[[ RECORDED DATA, beginning ]]

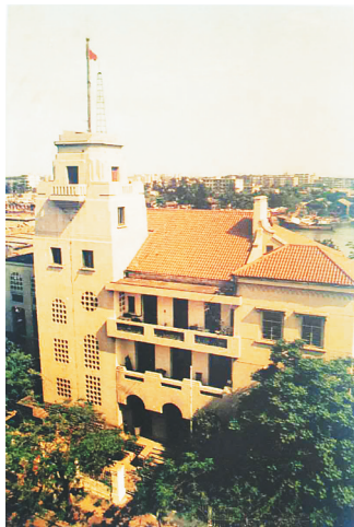
海口海关大楼,1990年代前开口在得胜沙路一侧。
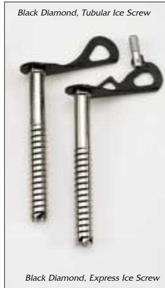
Black Diamond, Tubular Ice Screw
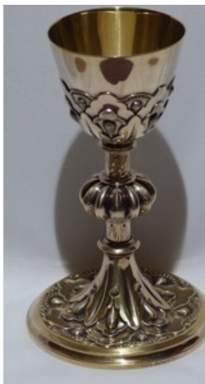
Calice en argent plaqué or fin du 19 ème siècle

En 2021 nous devons poursuivre cette action et nous allons nettoyer et rénover un calice ancien et sa patène ainsi qu'un encensoir très encrassé par l'usage.

[[ RECORDED DATA, end ]]

■ TASK STATEMENT ■
Apart from the pictures, every line above must be printed exactly.

■ SOLUTION TO THIS PROBLEM ■
海口海关大楼,1990年代前开口在得胜沙路一侧。
Black Diamond, Tubular Ice Screw
Calice en argent plaqué or fin du 19 ème siècle

En 2021 nous devons poursuivre cette action et nous allons nettoyer et rénover un calice ancien et sa patène ainsi qu'un encensoir très encrassé par l'usage.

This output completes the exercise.